Monday, March 19, 2007

War

Today is the fourth anniversary of the start of the war and I went to a candlelight vigil (arriving late) in my neighborhood. I didn't have time to go home and get my peace flag from out of the window, and to put on my Out of Iraq button, which I wear on my hat. It was another day of early spring so I didn't wear the hat. I also didn't bring a candle, but figured someone would have an extra one, and I was right. My father used to keep yarmulkes and a small prayer book in his glove compartment, so he'd be equipped if he needed to go to a funeral. I now have the candle in mine. I should keep an extra peace flag at the ready. I had on my Cancer Sucks button but I didn't want to dilute the message so I put it in my pocket. The event was local but two TV stations were there. As I said, I got there late. There were about 100 people on a triangular piece of land that had an American Legion commemorative stone on it. I don't know if that's why the corner was chosen. Once I saw a man get out of his car in broad daylight on this corner and catch pigeons in a bag. Tonight it became clear that people were reading the names of the dead from our state, alphabetically by city. Unfortunately there wasn't a mike so it was very hard to hear. Also some of the big signs were facing toward the center of the group, with people standing between the signs and the street, so that people driving by could see only a crowd and not anti-war signs. Nit, nit, nit. I am so critical. I won't complain about the wind, which kept attempting to douse out our candles. It was a respectful event. I saw about four or five cops on the perimeter, and they were laughing and lounging. I saw them in riot gear a year or so ago, at an afternoon weekend protest in a small city park, where there were about 200 people, standing and lying on the grass.

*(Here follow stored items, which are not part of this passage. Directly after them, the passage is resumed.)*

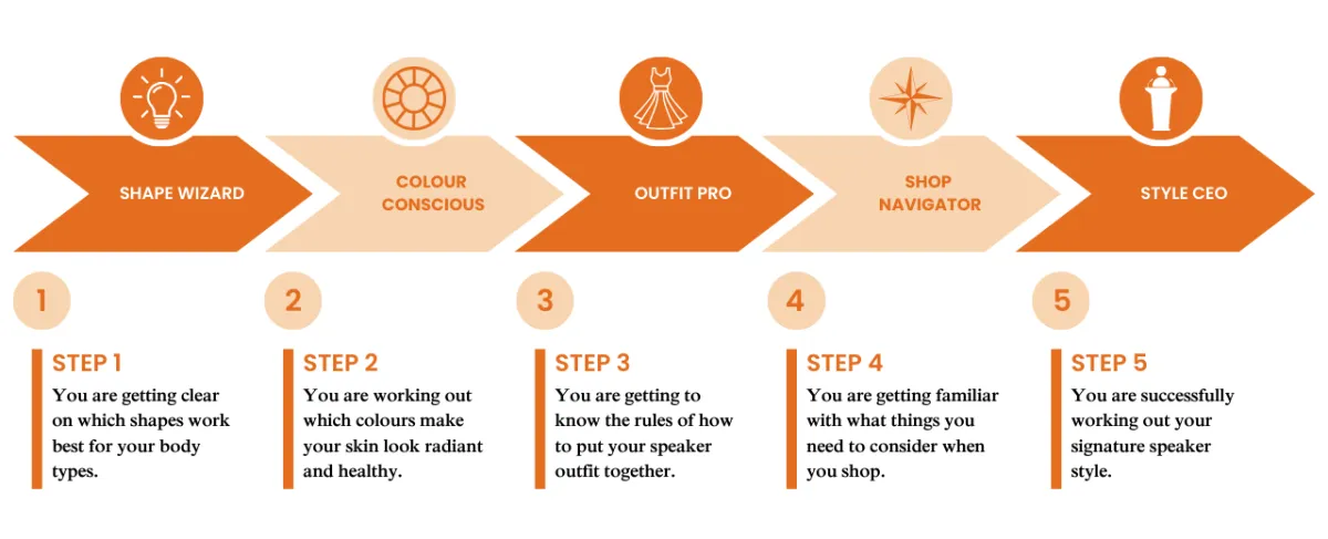 The only style programme designed specifically for female speakers using a simple five-step framework that gives you the confidence to charge more and helps you connect with bookers faster to get more gigs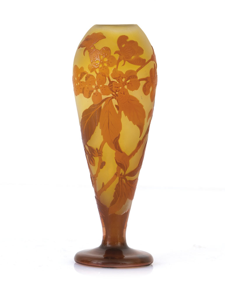GALLE' VASO IN VETRO DOPPIO, GALLE', 1900 CA., a balaustro su base circolare,...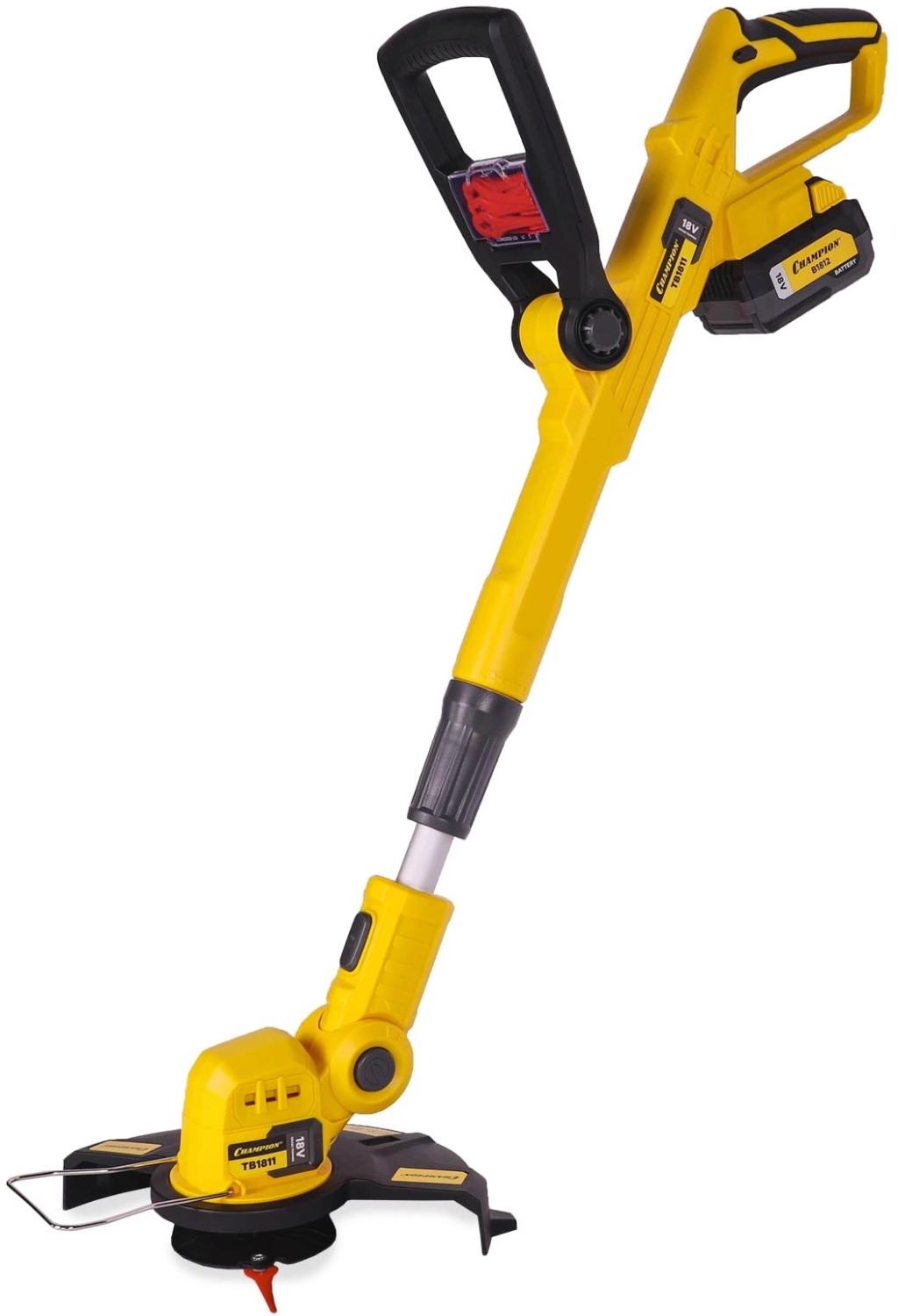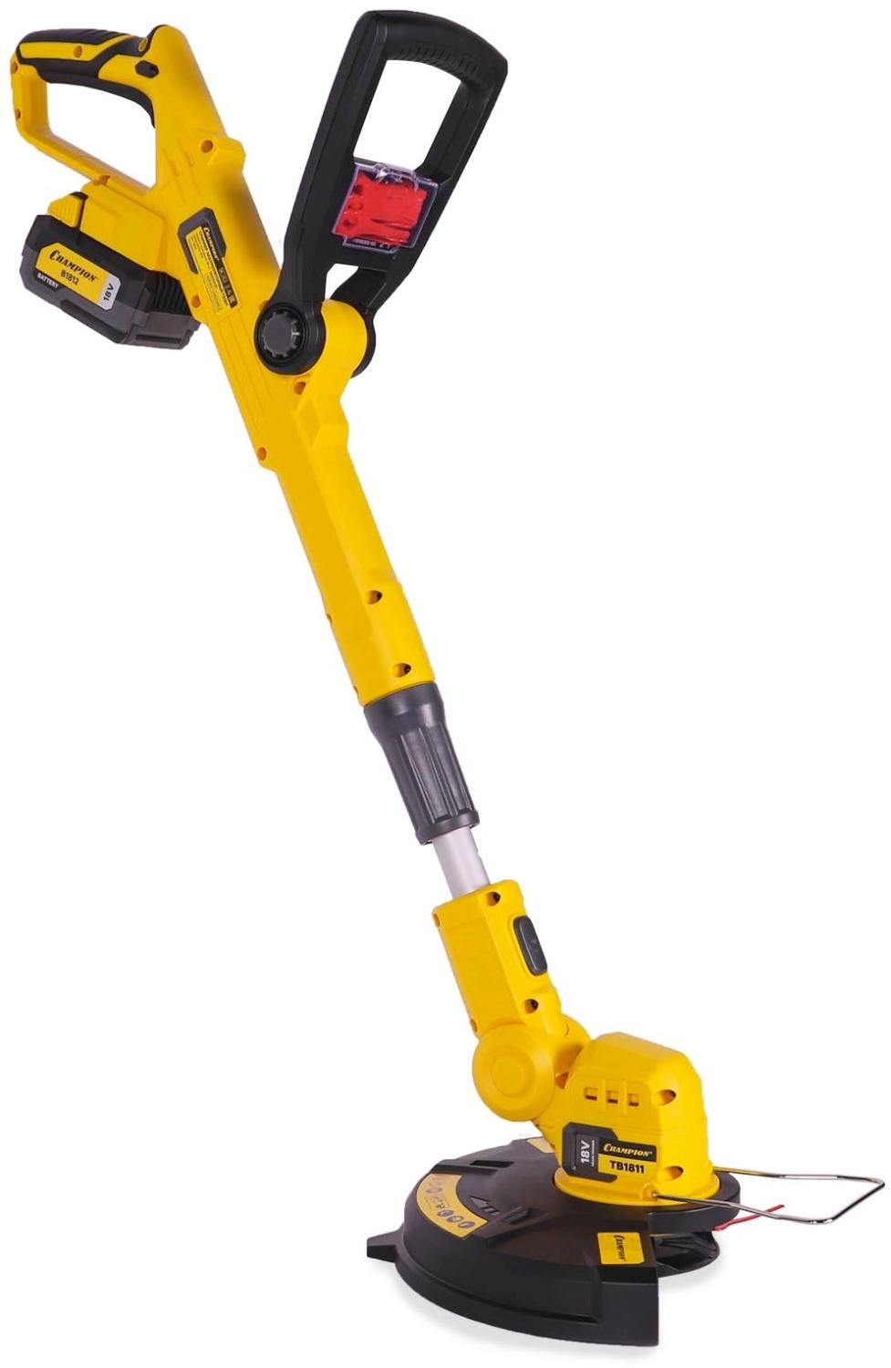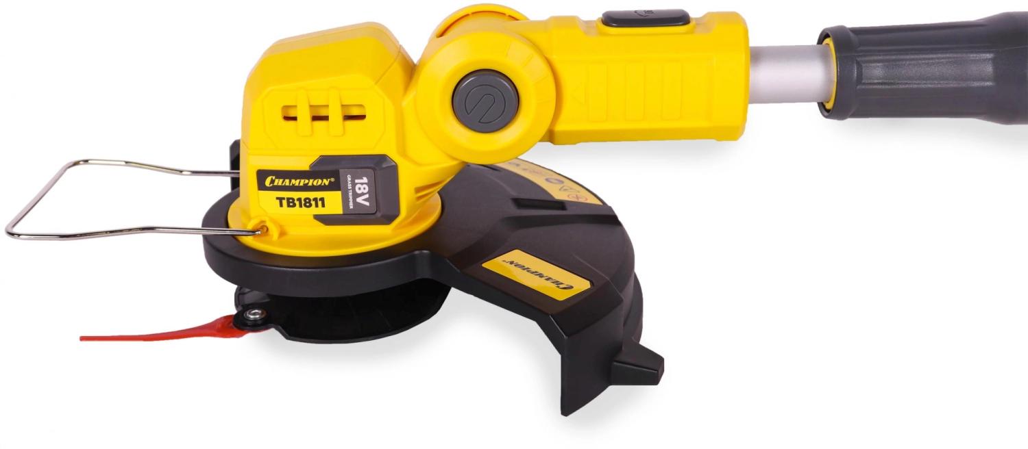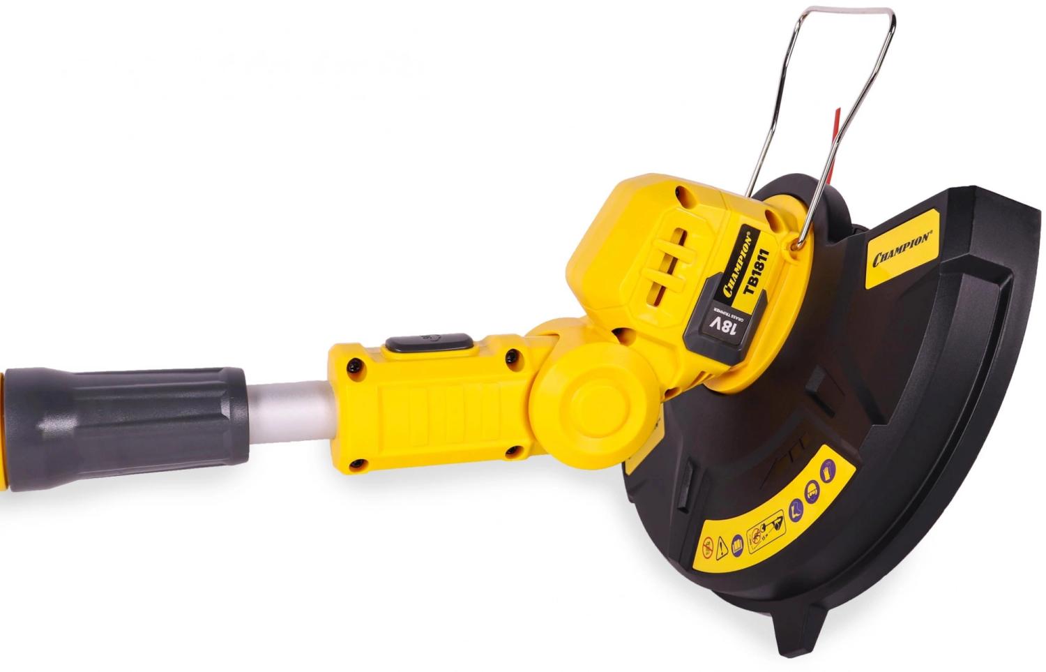 Триммер аккумуляторный Champion TB1811 без АКБ и ЗУАккумуляторный триммер Champion TB1811 применяется для стрижки газона на частном участке.Преимущества- Благодаря работе от аккумулятора отличается низким уровнем шума и отсутствием вредных выхлопов.- Телескопическая штанга обеспечивает удобство работы пользователям разного роста.- Предусмотрена скоба для защиты растений от повреждений.Комплектация- Аккумуляторный триммер- Защитный кожух- Рукоятка передняя с комплектом запасных ножей (20 шт.)- Адаптер ножа- Скоба ограничительная- Винт крепления адаптера- Винты крепления защитного кожуха- Инструкция- УпаковкаВнимание! Аккумуляторы и зарядное устройство не входят в комплект.Внешний вид и/или характеристики товара могут быть изменены производителем в соответствии с производственным процессом.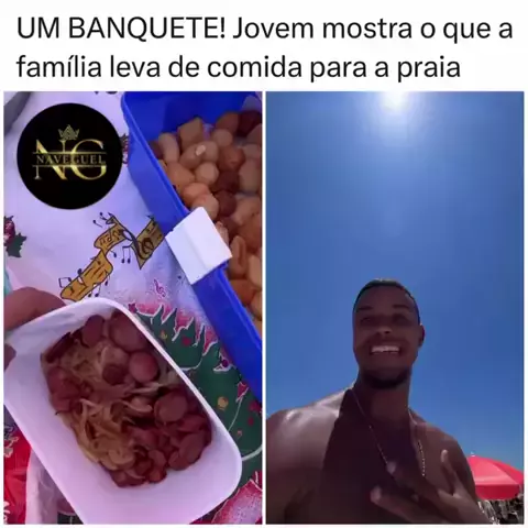 Gente, e eu que achava que levar um sanduíche natural era muito! 😂 Essa família não foi à praia, eles montaram um restaurante na areia! Quem aí também tem aquele parente que se deixar leva até o fogão? 🍗🏖️ #farofa #praia #banquete #familia #verao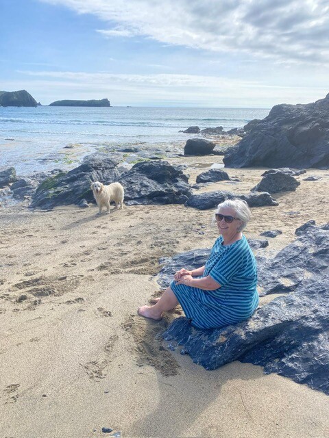 Here is a photo of me and my dog relaxing on a beach which features in the novel – enjoying a sunny afternoon there, fortunately with no crimes being committed. As yet the title of the second novel is undecided, (best suggestions so far have come from some primary school pupil friends, ‘Scream Tea’ or ‘Clotted Crimes’, amongst them!). The book is due out in 2026.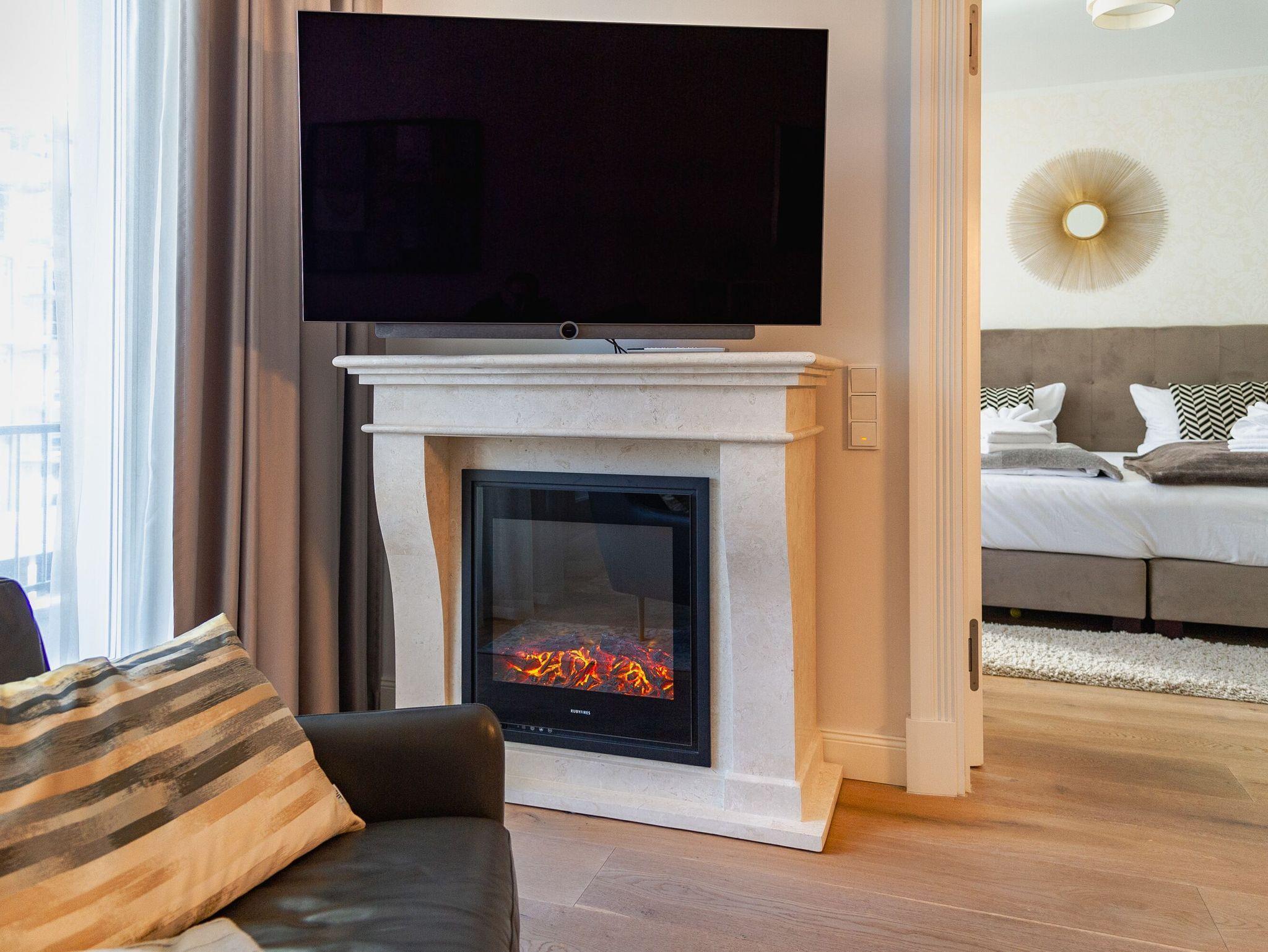 Der mit 43 qm überaus großzügige Wohn- und Essbereich ist mit einer hochwertigen, offenen Küche mit Kochinsel ausgestattet. Die schöne Essecke bietet ausreichend Platz für vier Personen. Das große Wohlfühlsofa lässt sich mit ein paar Handgriffen in ein vollwertiges 1,60 m breites Bett verwandeln. Lassen Sie sich verwöhnen von dem elektrischen Kamin mit Heizfunktion und erleben Sie unterhaltsame Abende auf dem 55 Zoll großen LOEWE-TV mit Internet-Funktion. W-LAN steht Ihnen natürlich kostenfrei zur Verfügung.

I went to this event because I can't go to the big rally downtown tomorrow night. I could go but I made a plan to meet a friend that afternoon and for dinner. I haven't seen her for about a year, and in that year her husband died of a brain tumor. He started chemo, then stopped when it became futile. Same with radiation. That was this summer. We will see an exhibit of Palestinian clothing at a museum on the south side, then we'll have dinner.

I went to the event because I have been against the war since it started. I started to tell myself, Oh, Cancer Bitch, you've got your own problems, you're feeling run down and you might be getting L's cold, you don't have to go. But I decided I should. You can argue that vigils and rallies don't matter, but they *are* reported, and are a public manifestation of opinion. And I was keeping the number of participants steady; I replaced the person who was leaving and who gave me his candle. At the rally I was looking for women from Code Pink. I would tell them, O I haven't done anything lately because I have breast cancer, and then they would fall all over me and say, O that's so great that you're here, etc. etc. But they weren't there. They'll probably be at the one downtown tomorrow.

I thought I could have brought a yahrzeit candle. This was a funereal gesture for all the soldiers who died. Did their families realize we were standing around for their sons and daughters? Would it matter? Support the troops, send them home, said the signs. A very gentle message. Not aggressive. And the war goes on, and meanwhile the prosthetics industry is booming in research and development because of this war.

Yesterday and today I spent too much time on the web looking at chemo-head headgear. I don't like most turbans and scarves out there in cyberspace and catalogues and I would want to try them on anyway before buying them. I did send off for temporary tattoos for the scalp. The medium is henna, and the design is a swirling leaf pattern. I also sent off for eyebrown stencils. A girl has to plan. My friend S has agreed to apply the henna. She has an MFA in art so she should be able to combine a peace sign with the leaves.